Red Bird wrote:Yea, let's blame the little guys!
If I remember correctly, it was working class home-owner wannabes demanding easy credit and insisting on an unsupervised market for exotic derivatives that finished Lehman Brothers and brought our great nation to its knees.
What exactly is "working class people?" I work for a living, am I working class? I have easy access to credit. I am able to make all my mortgage payments (on time AND in full) so because I am responsible, does that remove me from the "working class" pool?
Leeman Brothers would still be in business if "the people" acted responsibly. "The people" welched on their home loans. Leeman's sin in all of this, is that they risked too much of the companies assets in the most credit-unworthy. That ended them. I am not crying for Leeman. Fuck 'em, they got what they deserved for being so risky. But it was your proverbial "...
little guy..." walking away from his house for whatever reason, that started the snowball rolling down the hill to everyone's ruin.
Red Bird wrote:Those working class losers organized into cells like commies and campaigned for no-down-payment mortgages that they didn't deserve and could never hope repay, only to default and end up either homeless or living in their parents' basement.
What an incredibly clever plan to ruin themselves. Can anyone imagine a more diabolically perfect means of self destruction?
The sin here is not just the welching homeowner, but partially the lending institutions. Basically, the lenders should have assumed that IF the only way someone was going to get a mortgage, it meant no money down, then automatically
they don't get a mortgage. Unfortunately, our government WANTED those people to GET those mortgages. Let's turn back the clock to about 2005 when Congressman Barney Frank said everything was fine with Freddie and Fannie. Frank did not wanty anyone to mess up a good thing he had going. Why did he do that? Because those institutions were contributing heavily to his re-election campaign, all the while, helping to ENABLE your "working class" person with a "no-money-down" loan.

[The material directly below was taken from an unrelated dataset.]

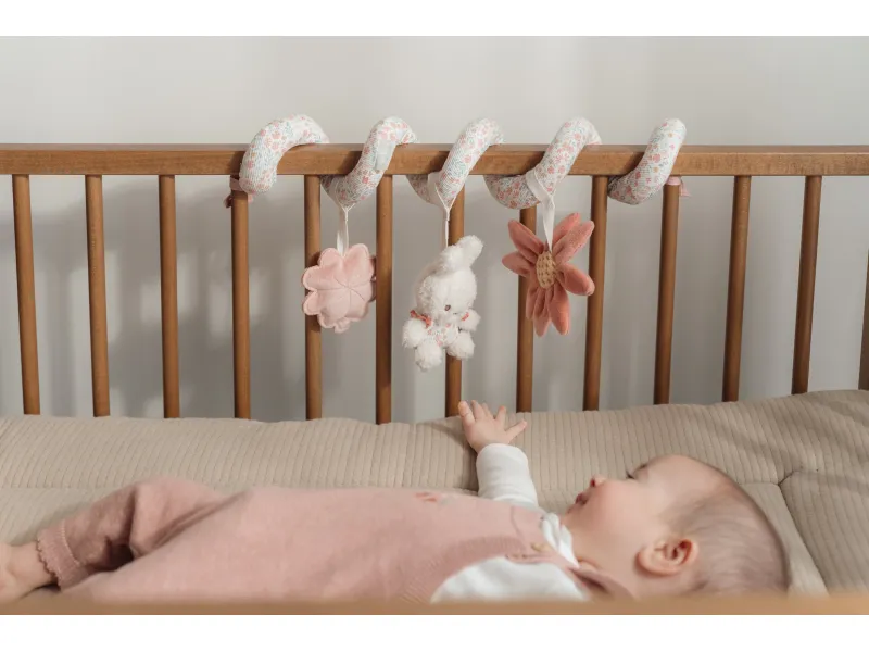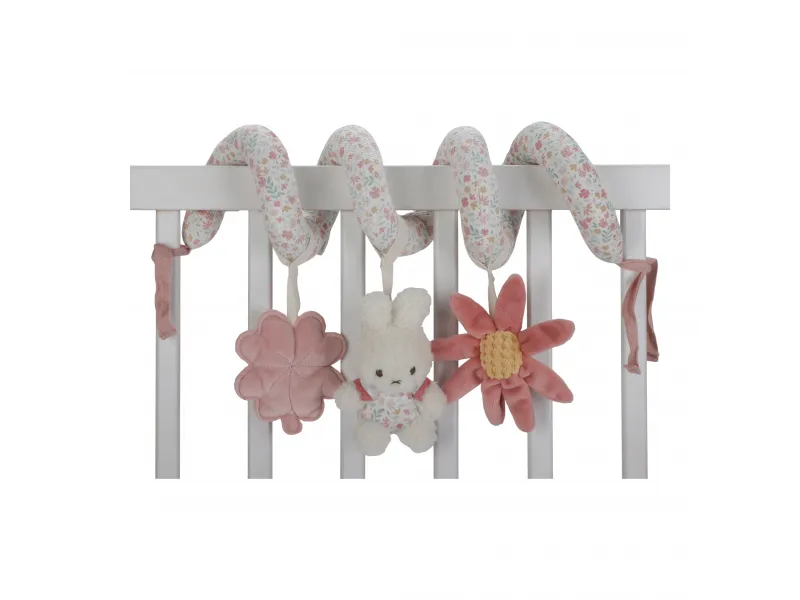 Textilná špirála s jemnými plyšovými hračkami je navrhnutá tak, aby bábätku spríjemnila chvíle v postieľke, kočíku aj autosedačke už od prvých dní. Mäkké motívy králička Miffy, kytičky a štvorlístka lákajú k dotyku, pozorovaniu a uchopovaniu. Hravé prvky podporujú koordináciu ruka–oko a prirodzený zmyslový rozvoj. Dizajn kolekcie Miffy Lucky Blossom nesie typický jemný štýl značky Little Dutch a krásne zapadne do každej výbavy pre bábätko.

Barney Frank STILL will not craft any bill that would insist lenders to require any money down. He can't. The most irresponsible among
us are his voters.
Red Bird wrote:What amazes me, what keeps me awake at night is trying to figure out how these irresponsible dead-beats got control of the home loan process in the first place. I'll bet they greased a few palms with their grimy, sweat-soaked $10s and $20s. We all know Alan Greenspan is on the take. How could that greedy Jew resist the milk money offered to him by those near-idle free-loaders?
Thank God we're on guard now, and these . . so called "working" poor can't hope to pull another fast one.
Of course it could happen again, and it will happen again Red Bird.
It is human nature for the least responsible to walk away from responsibility. Nothing at the Federal level has happened to change that because too many people at the Federal level owe their jobs in Congress TO the least responsible among us...
Feminism: Eve eats ALL the apples, gives God the middle finder when He confronts her, and has the serpent serve Adam with an injunction ordering him to both stay away from her AND to provide her food and shelter because he dragged her out of the Garden.